# 391/2 on IUI - Can I skip buserilin injections until just before due to ovulate?



## Astral (Feb 16, 2010)

Hi
This may seem a strange question, but I am 39 1/2 on my first IUI and I am wondering why I need to take Buserilin every day leading up to insemination, planned for next Wednesday. I understand it is primarily to stop ovulation, but I am not due to ovulate until.. next Wednesday, naturally, anyway. Presumably it has other effects though ?

Buserilin and other antagonists suppress your LH production to stop you ovulating, but they also suppress your FSH, so mimic the menopause? I started on 0.3 of Buserilin last night, along with 75 mls of Puregon, the FSH component. I feel as an older lady (who has early menopause in the family) I dont want to take anything to suppress my natural FSH/LH production, but I understand I do need to not ovulate until basting is planned for next week. 

My cycle is very regular and I am due to ovulate naturally.. next Wednesday anyway, so I really dont feel that there is any danger I will ovulate sooner than this weekend at least. SO.. is it ok if I dont take the Buserilin this week? Or skip it for a few days at least and restart it toward the end of the week?

I read something interesting about older ladies needing their own natural FSH/LH to help grow and properly mature eggs when on the Puregon protocol and that in that case, its best to not take Buserilin/Nafarelin the whole time and only start it when its needed - ie. 3-4 days before the HcG trigger shot and ovulation, so as to make sure that ovulation does occur as planned. This was in relation to IVF though (when more mature eggs are needed, hence the theory to retain your own FSH/LH production) and I am on IUI, so we are only aiming for 2 eggs.

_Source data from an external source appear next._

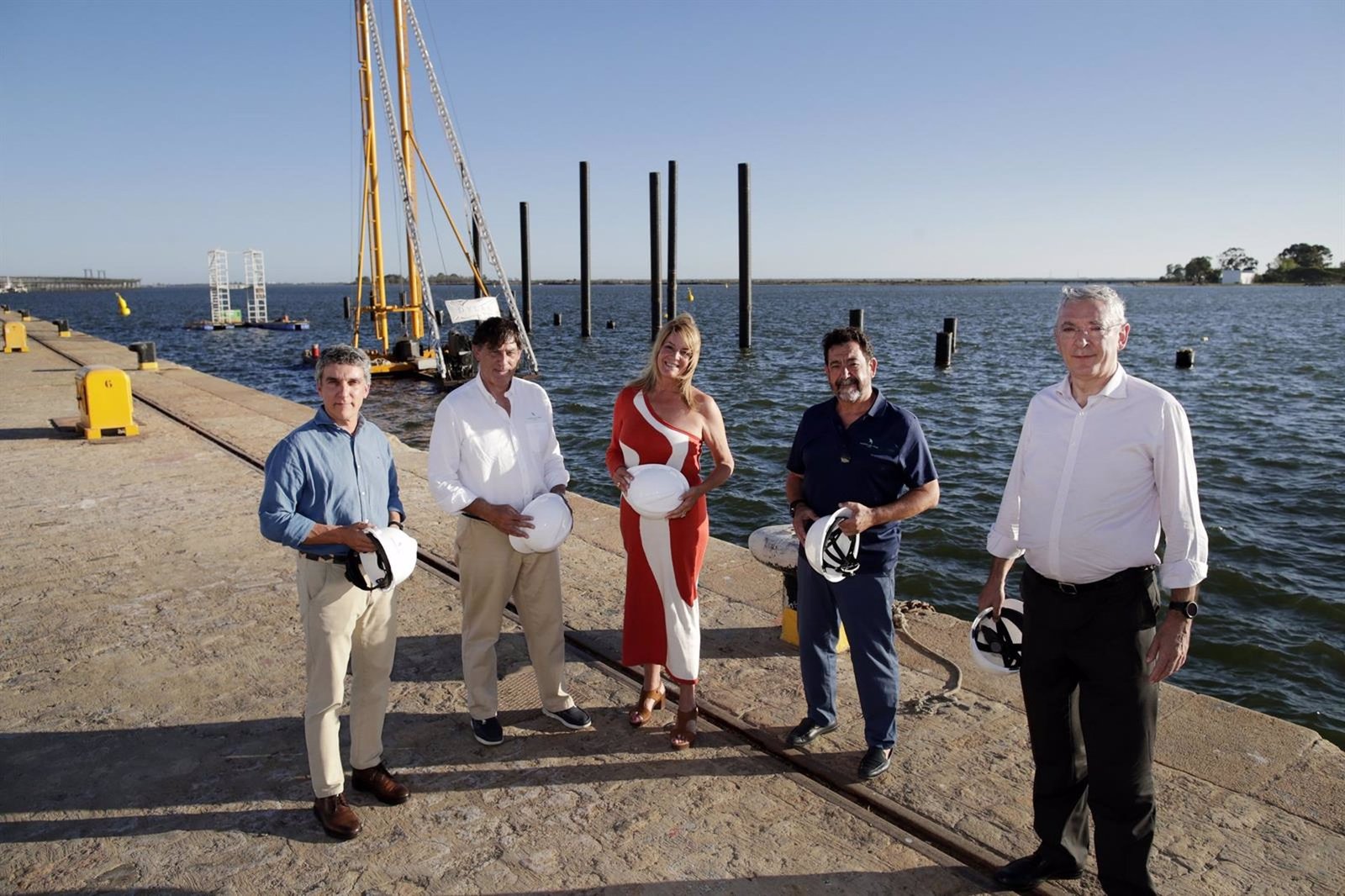 La presidenta del Puerto de Huelva ha visitado las obras junto con el director de la Marina del Odiel, Luis Enguita, el director del Puerto de Huelva, Ignacio Álvarez-Ossorio, y el jefe de Dominio Público Portuario, César Vera.
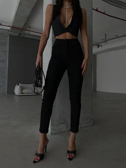 Джинсы черные женские скинни с высокой посадкой стрейч
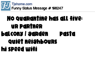 X says     No quarantine has all five:      – ur partner     – balcony / garden     – pasta     – quiet neighbours     – hi speed wifi
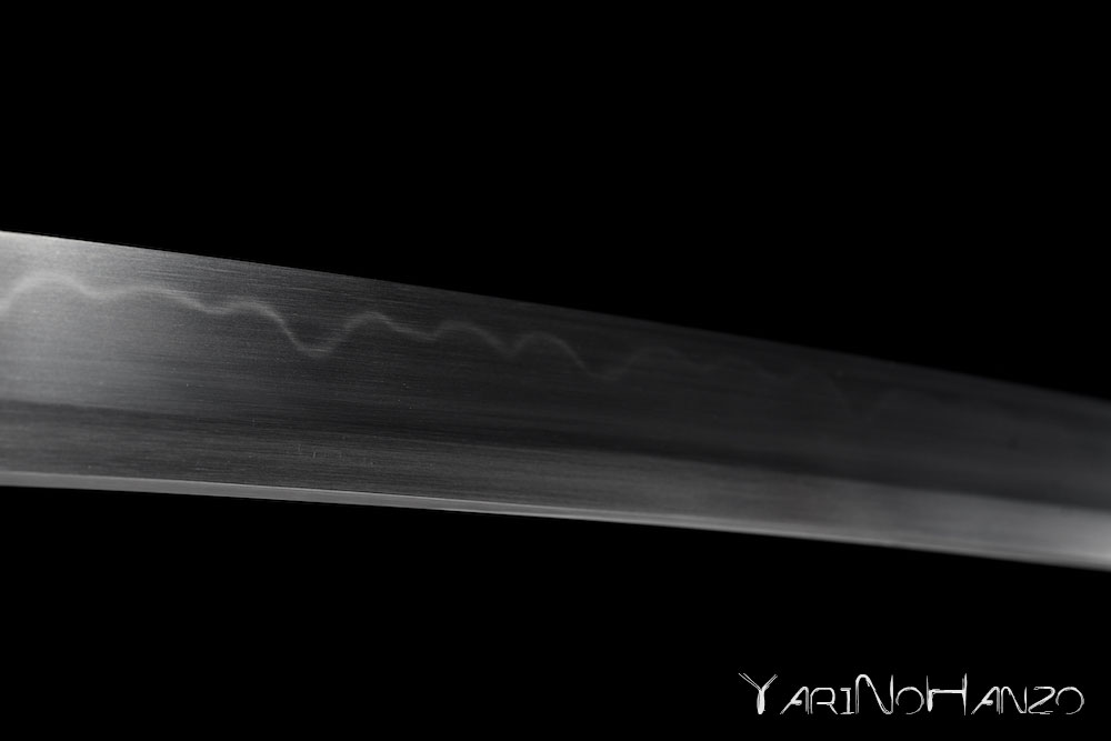 La lama è realizzata in acciaio AISI 1060 ad alto tenore di carbonio, con struttura Maru Kitae senza bohi, garantendo resistenza e bilanciamento ottimale. La tempra selettiva all'argilla conferisce un hamon autentico in stile Notare, aggiungendo un tocco estetico distintivo.

Sorry for strange question and no, I cant ask the clinic as I am sure they will be very displeased if I ask/suggest I lay off the Buserilin for a few days!! I have asked questions about reducing medication all along (as is my 'instinct') so I think they see me as an awkward customer   
Thanks for any responses! Astral x


----------



## suitcase of dreams (Oct 7, 2007)

Hi Astral,

I know this isn't the answer you want, but I really think you need to ask your clinic. I must admit I've not heard of this particular protocol for IUI, but it's always potentially dangerous to self medicate (or self not-medicate in your case) anyway
I wouldn't worry about them being displeased - they are there to provide a service and if you have questions about that service, they are there to answer them. Sounds like it's not clear to you why you have been given this particular protocol and they need to better explain it and/or offer an alternative if you are not comfortable with what they are suggesting
So I'd suggest giving them a call and talking it through and if you're not happy with the answers you get, ask to speak to someone more senior/get a second opinion from another consultant...
Best of luck
Suitcase
x


----------



## Astral (Feb 16, 2010)

Thanks suitcase.. I havent been happy with some of their suggestions, as they funnel everyone the same way.. I had to make a strong case to NOT have a lap and dye as my instinct was (as never had any issues and been pg before) that my tubes were fine and i didnt want an op/aneasthetic unnecessarily.. they relented and let me have a HSG, which was highly unusual apparently, but sure enough, tubes ok!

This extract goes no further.